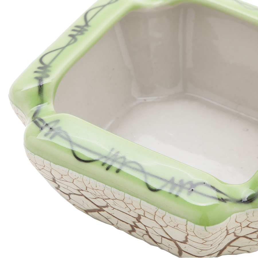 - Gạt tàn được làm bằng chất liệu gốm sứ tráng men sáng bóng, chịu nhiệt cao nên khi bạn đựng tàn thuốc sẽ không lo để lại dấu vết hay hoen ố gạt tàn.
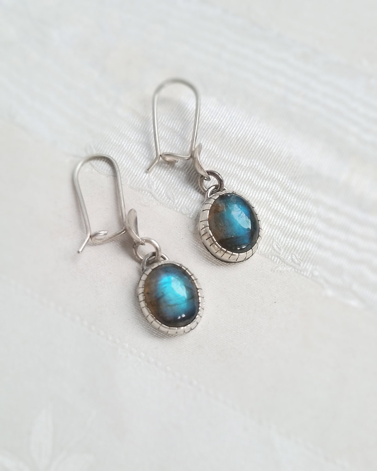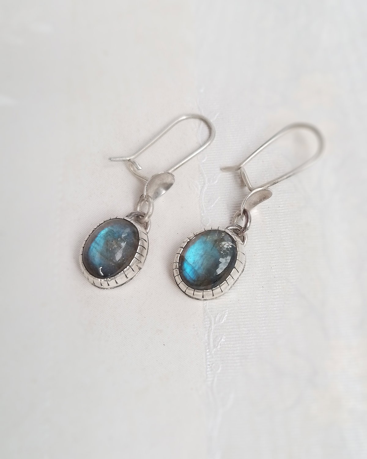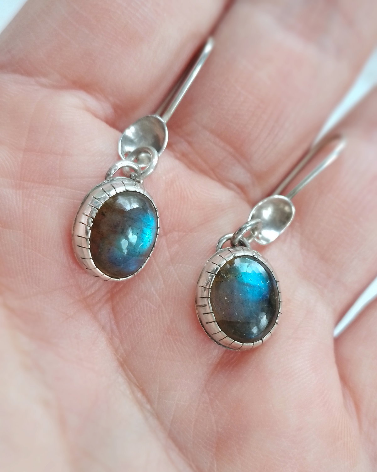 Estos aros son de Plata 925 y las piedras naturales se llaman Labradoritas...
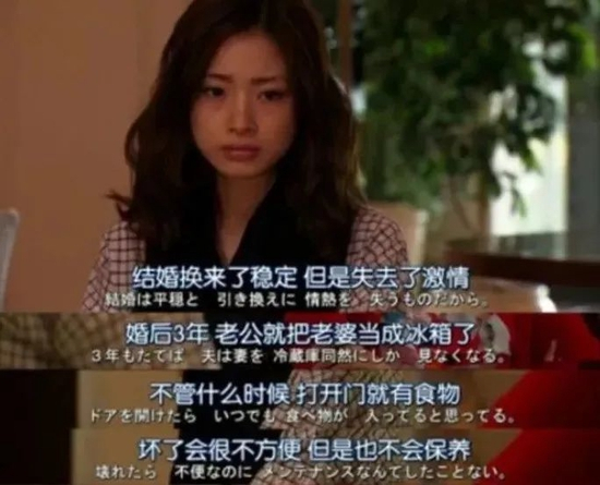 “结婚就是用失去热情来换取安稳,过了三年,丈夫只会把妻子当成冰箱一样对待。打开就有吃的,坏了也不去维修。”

· · · · ·

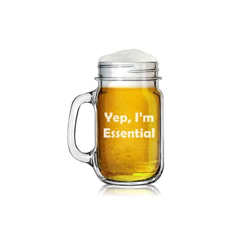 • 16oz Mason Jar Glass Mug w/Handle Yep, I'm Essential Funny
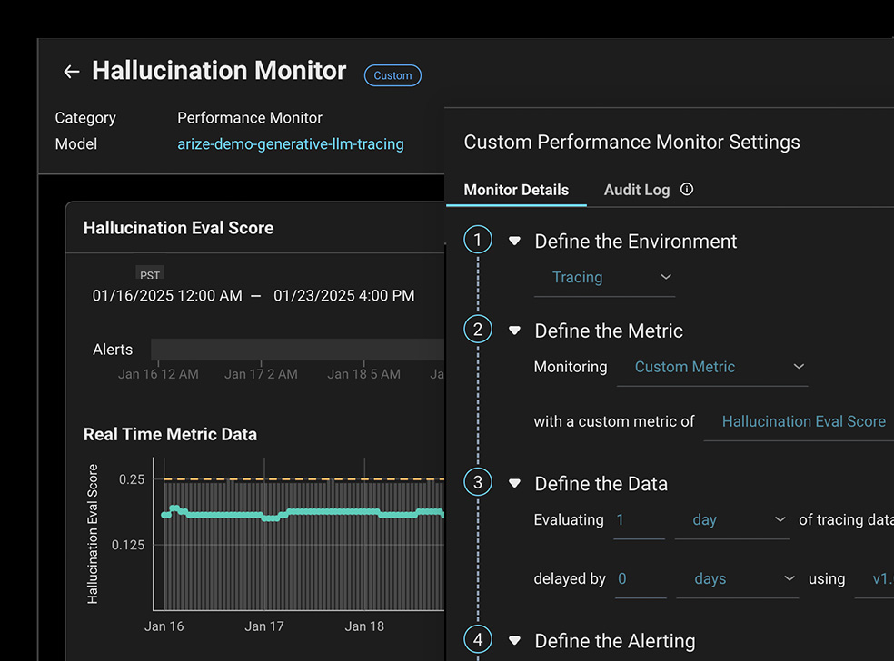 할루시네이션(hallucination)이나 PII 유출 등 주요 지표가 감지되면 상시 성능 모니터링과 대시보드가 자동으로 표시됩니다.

· · · · ·

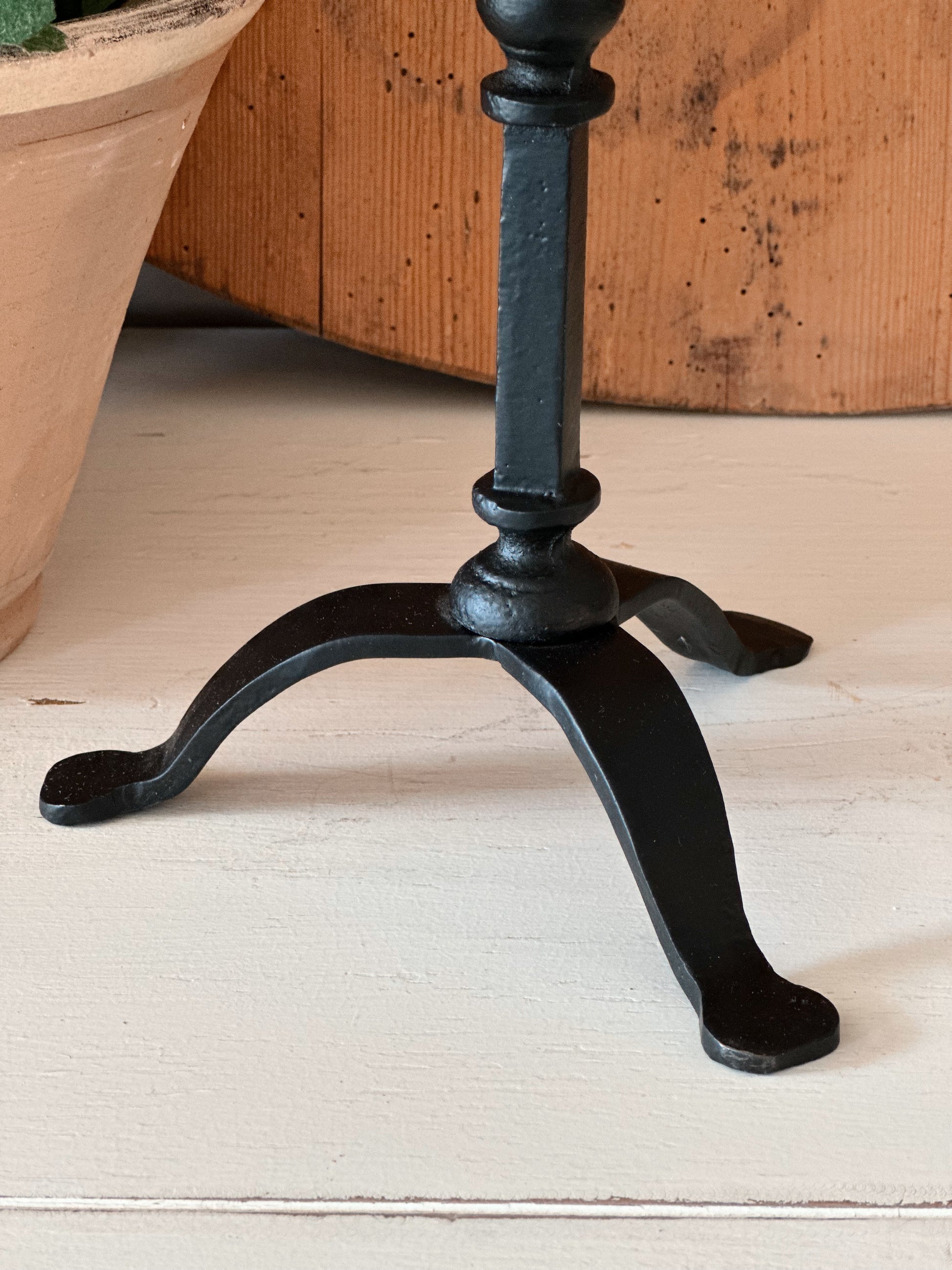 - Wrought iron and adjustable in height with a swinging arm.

· · · · ·

### WORK INSTRUCTIONS
Reproduce exactly the lines above that run from the one with "I'm Essential Funny" to the one with "할루시네이션(hallucination)이나 PII 유출", both included, leaving pictures out.

### EXPECTED OUTPUT
 • 16oz Mason Jar Glass Mug w/Handle Yep, I'm Essential Funny
 할루시네이션(hallucination)이나 PII 유출 등 주요 지표가 감지되면 상시 성능 모니터링과 대시보드가 자동으로 표시됩니다.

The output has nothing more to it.